Technology Description

We are proposing a non-expert-based platform for data analytics utilizing visual modules. The technology will enable end users to utilize a variety of tool kits that implement the latest machine and deep-learning platforms to test their intuition as well as provide a front end that can be incorporated into larger enterprise data platforms as need and demonstration of the technology grows.

Team Members

• Principal Investigator: Costas Tsouris
• Entrepreneurial Leads: Abhijeet P. Borole, Alex Lewis
• Industry Mentor: Jim Petrecky

Technology Description

We are developing sustainable solutions for the 21st century via conversion of waste to hydrogen and bioproducts with electrons as intermediates. This platform allows generation of clean fuel, reduction of greenhouse gas emissions, and a decrease in volume of waste landfilled. The technology uses microbes capable of producing or utilizing electrons integrated with electrochemical catalysis to provide high-efficiency conversions.

Team Members

• Principal Investigator: Lin Chen
• Entrepreneurial Lead: Elvis Zhang
• Industry Mentor: Mike Wixom

Technology Description

Lithium metal is considered to be an ideal anode for next-generation rechargeable batteries because its ultra-high theoretical capacity is more than 10 times that of graphite anodes used in current lithium-ion batteries. This technology developed at ANL greatly solves two main problems preventing the application of lithium metal anode from real-world batteries: the formation of dendrites during electrochemical cycles continuously consumes electrolytes and the dendrites can penetrate the separator. Both problems eventually lead to battery failure.
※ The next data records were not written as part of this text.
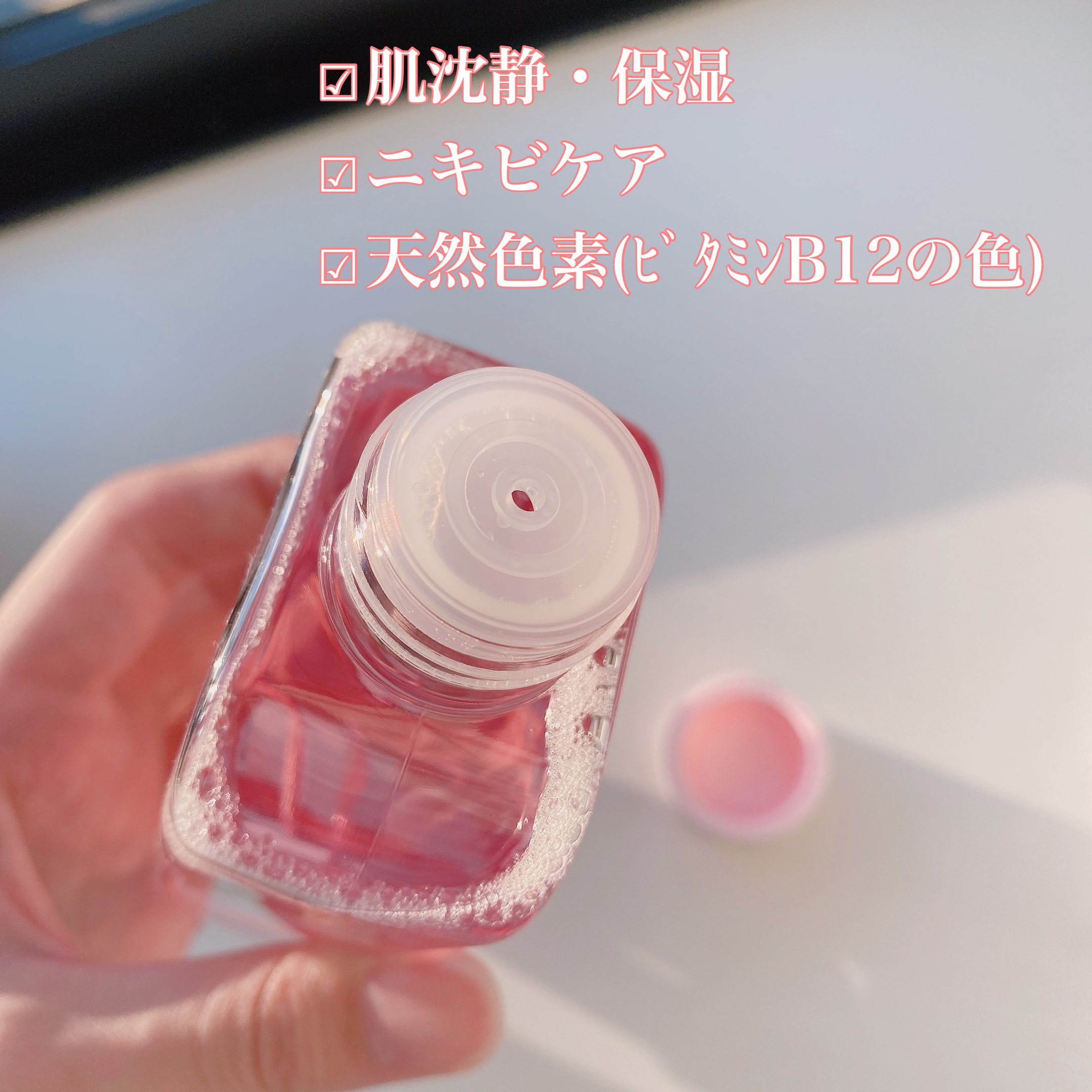 ピンクティーツリーとシカ成分によりニキビなどの荒れた肌をケア・予防☝️ このピンク色はビタミンB12成分の色です! さっぱりとしたシャバシャバテクスチャー。甘くフローラルな香りがします💐 たっぷり使ってお肌にうるおい補給を🫧 パケに中身までピンクで可愛いです🥹🎀
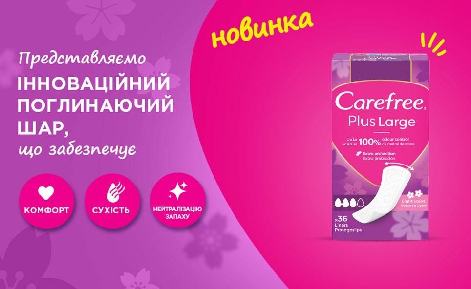 Щоденні гігієнічні прокладки Carefree Plus Large 36шт
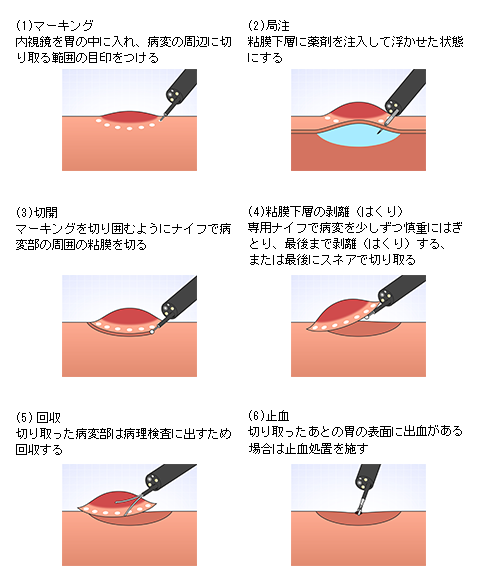 内視鏡を使った治療法には、スネアと呼ばれる金属の輪を病変部に引っ掛け、高周波電流を流して切り取る方法(内視鏡的粘膜切除術;Endoscopic mucosal resection:EMR)や、専用の処置具を使ってより大きな病変を剥がす内視鏡的粘膜下層剥離術(Endoscopic submucosal dissection: ESD)などがあります。
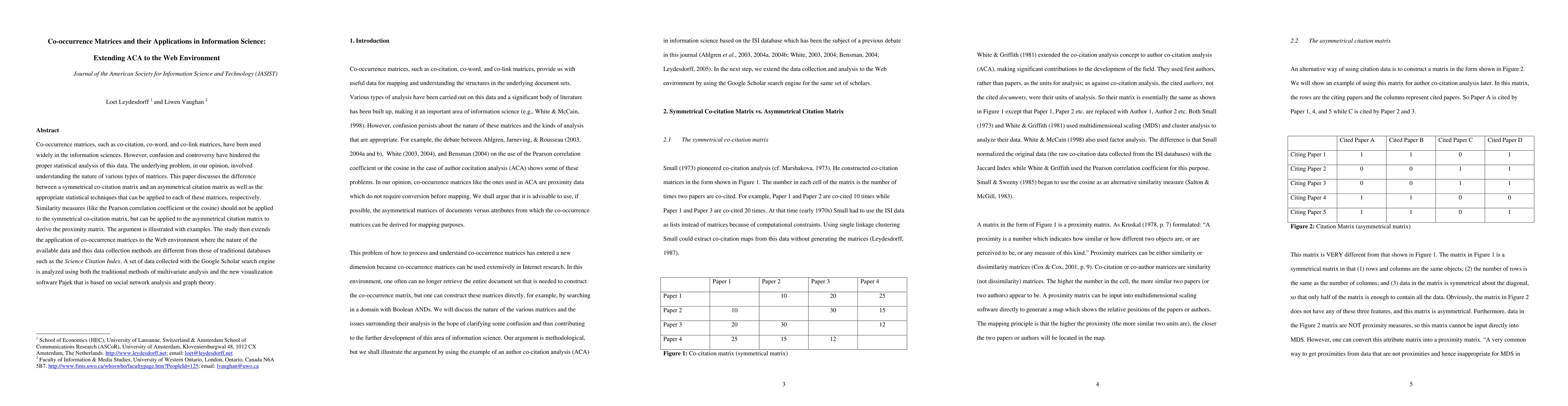 This paper clarifies the distinctions between symmetrical co-citation matrices and asymmetrical citation matrices, advocating for appropriate statistical techniques for each. It extends co-occurrence matrix applications to the web environment, analyzing data from Google Scholar using traditional multivariate analysis and new visualization software Pajek based on social network analysis.
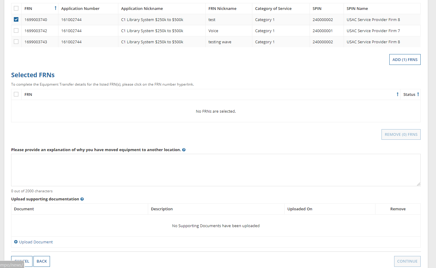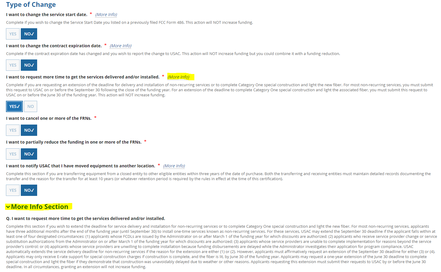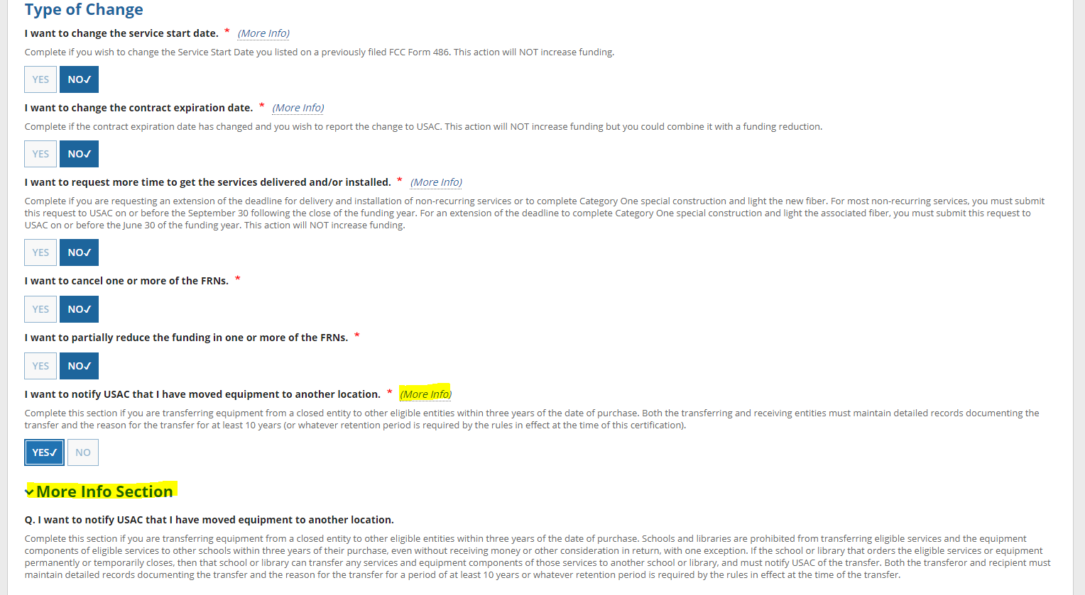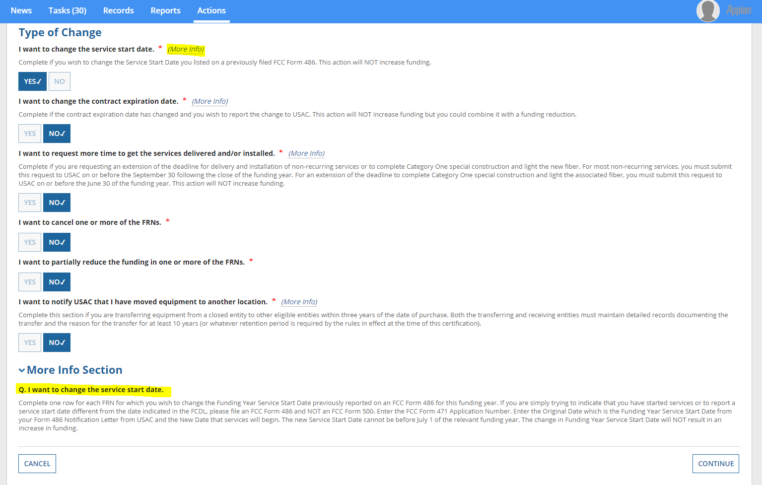will be using the FCC Form 500 (e.g., by selecting changing service
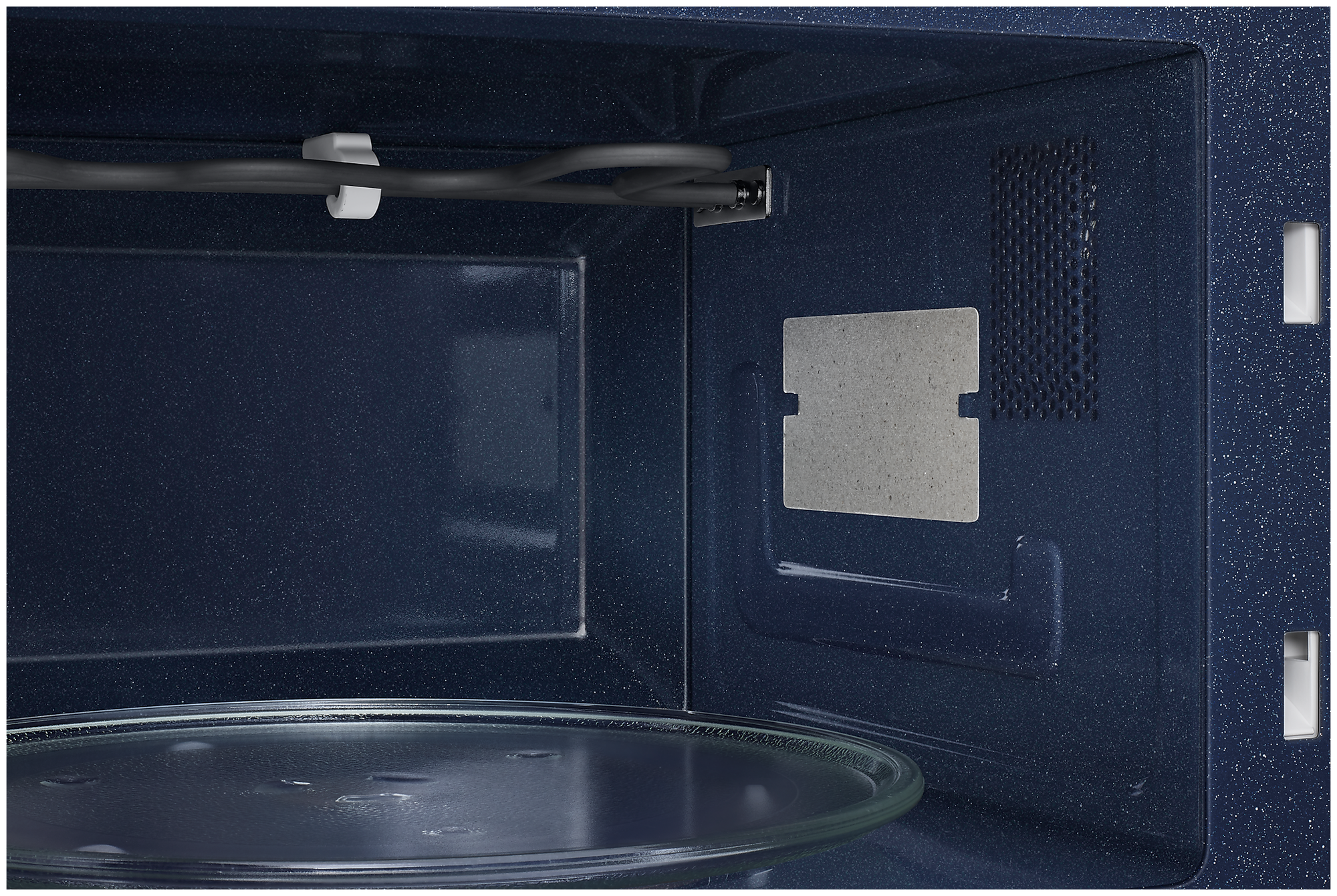Внутреннее покрытие стенок выполнено из биокерамической эмали, стойкой к повреждениям и легкой в очистке. Специальный антибактериальный слой предотвращает появление бактерий и неприятных запахов. Панель с дисплеем и кнопками обеспечивает простой выбор необходимых настроек Samsung MG20A7013AT. Навесная дверца открывается при помощи кнопки.

We have developed a solid-state electrolyte by chemical vapor technologies to address the two problems simultaneously and enable the use of high-energy anode for long-term cycling. Using our technology, practical rechargeable batteries can reach an energy density of >500 Wh/kg, which is about three times that of current LiCoO2/graphite batteries.

Team Members

• Principal Investigator: Peter Seidl
• Entrepreneurial Lead: Greggory Scharfstein
• Industry Mentor: Alan Todd

Technology Description

Our technology would benefit several industrial applications of accelerators and those that manage, procure, use, and maintain them. At the present time, procuring and operating an accelerator requires a significant investment and a large facility. Our mini-accelerator will generate a more powerful, high-quality beam at a significantly lower cost in terms of accelerator (facility) size, capital investment and operational cost.

Team Members

• Principal Investigator: Chad Husko
• Entrepreneurial Lead: Jonathan Logan
• Industry Mentor: Noren Pan

Technology Description

Emerging applications in sensing and biomedicine require integrated optical sensors delivered at a competitive price point. Compact laser sources capable of emitting different colors of light are critical to realizing many desired applications. ANL researchers have developed a new laser technology that addresses a wide range of spectral windows and is a potentially low-cost solution compatible with industrial silicon manufacturing.

Team Members

• Principal Investigator: Brett Helms
• Entrepreneurial Lead: Peter Christensen
• Industry Mentor: Travis Baughman

Technology Description

FLO materials are next-generation plastics with closed-loop life cycles. On the front end, they provide new opportunities for remolding and scrap recovery in manufacturing processes. On the back end, they are easily sorted from other plastics and de-polymerized in an energy-efficient manner. The de-polymerization process enables the recovery of starting materials that are so pure that they can be used for manufacturing new products without any additional processing measures. They are a counterpoint to single-use plastics in use today and may help secure a transition to a circular economy.